The trio allege a dirty tricks campaign and say the letter was an 11th-hour bid to sway voters. They are demanding a top-level inquiry in the belief that serious offences against the Local Government Act have been committed.
Council boss Bruce Anson has categorically denied any involvement in his son’s actions.
Cr Neoh said Mr Anson’s son was an adult and could make his own decisions.
“I’m confident the electoral process hasn’t been influenced at all in terms of the letter to the editor.
“It would be different if a candidate or councillor put out a fake how-to-vote card or material that influenced the election,” Cr Neoh said.
After the election results are known at the weekend, Crs Hulin and Lowe and Mr Sycopoulis will push ahead with calls for an investigation by Victoria Police, the Victorian Electoral Commission, the Local Government Inspectorate and the proposed new Anti-Corruption Commission being set up by the state government.
It is an offence under Section 55A of the Local Government Act to engage in conduct that misleads or deceives voters.
“It is also an offence under Section 55C of the same act if the author’s name and address are not included in a letter ‘‘containing electoral matter’’.
The Standard received the letter at the centre of the storm on Monday, October 15, at 5.32pm from the email address email@example.com.
The paper did not breach the Local Government Act when it published the letter in good faith on Saturday, October 20, in that it sufficiently complied with the act by setting out the ‘‘author’s name and the suburb or locality’’.
The newspaper did not take additional take steps to independently verify the author’s identity.
Candidates Hulin, Lowe and Sycopoulis raised concerns about the letter on Monday, October 22, saying they questioned the identity of the author and were suspicious about the level of council knowledge it contained.
The newspaper sought a reply from firstname.lastname@example.org twice — at 9.21am on the morning of October 22 and again at 9.36am on the morning of October 23 — but received no reply.
On October 24, the newspaper contacted Jacob Anson through his workplace email at the Queensland AFL from which he later responded.
The Standard has still not received a reply from email@example.com and as yet has not identified the owner of the email address.
Cr John Harris said he had “all the confidence in the world in our CEO”. He said the letter cited information that was in the public domain.
“Bruce can’t be held responsible for his son’s comments.
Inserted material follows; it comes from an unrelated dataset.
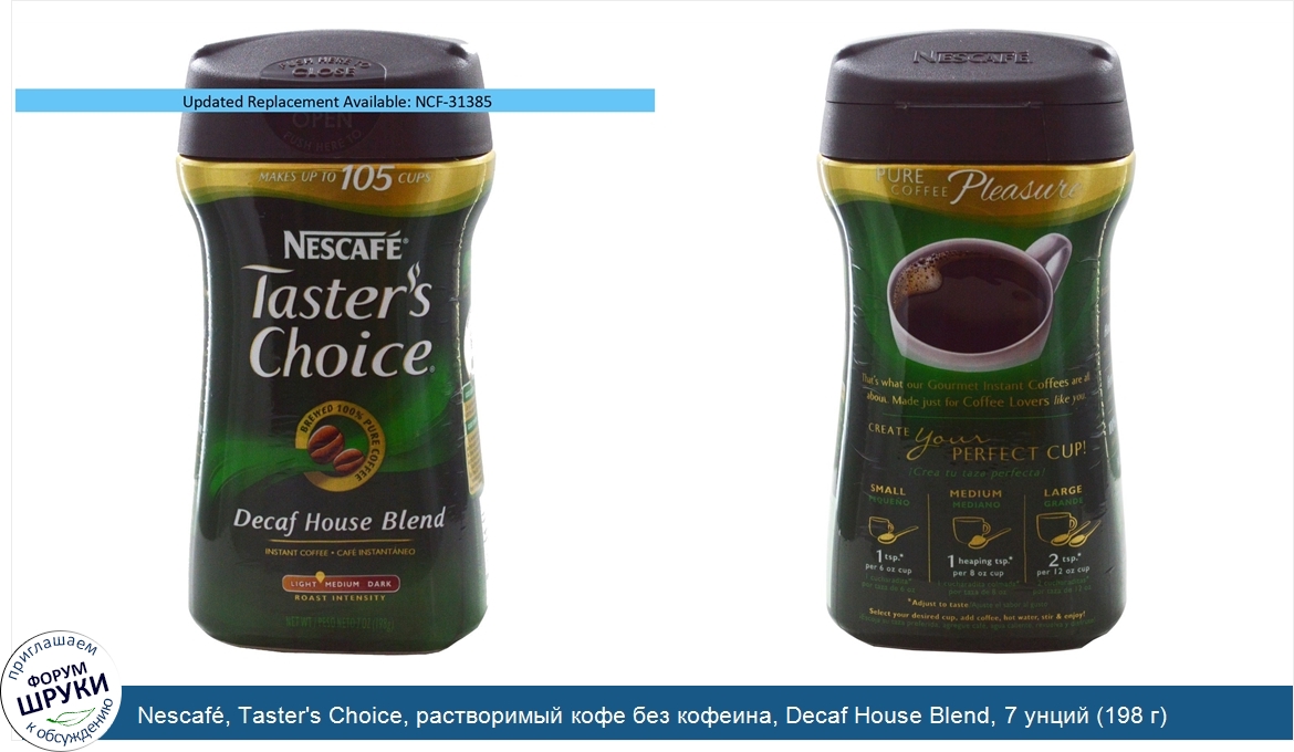 Друзья, если у вас есть отзыв/дополнение/комментарий/вопрос относительно Nescafé, Taster's Choice, растворимый кофе без кофеина, Decaf House Blend, 7 унций (198 г) - напишите его ответом в эту тему (это будет полезно всему сообществу в целом и вам в отдельности).

As an adult he’s (Jacob) responsible for his own comments. I’m not sure about using a different name, but others text into the paper and don’t use their names.”
Mayor Jacinta Ermacora described the letter as “but one example of many anonymous criticisms published by The Standard against members of our community including council and councillors”.
Cr Askew said he had full confidence in Mr Anson but was “disappointed with the actions of some other people”, who he declined to name.
Bruce Anson was yesterday reappointed to his position as chairman of Regional Development Australia (RDA) Barwon South West.
Regional Australia Minister Simon Crean announced the reappointment, saying committee members were local leaders with diverse skills and experience, who understood the challenges, opportunities and priorities in their communities.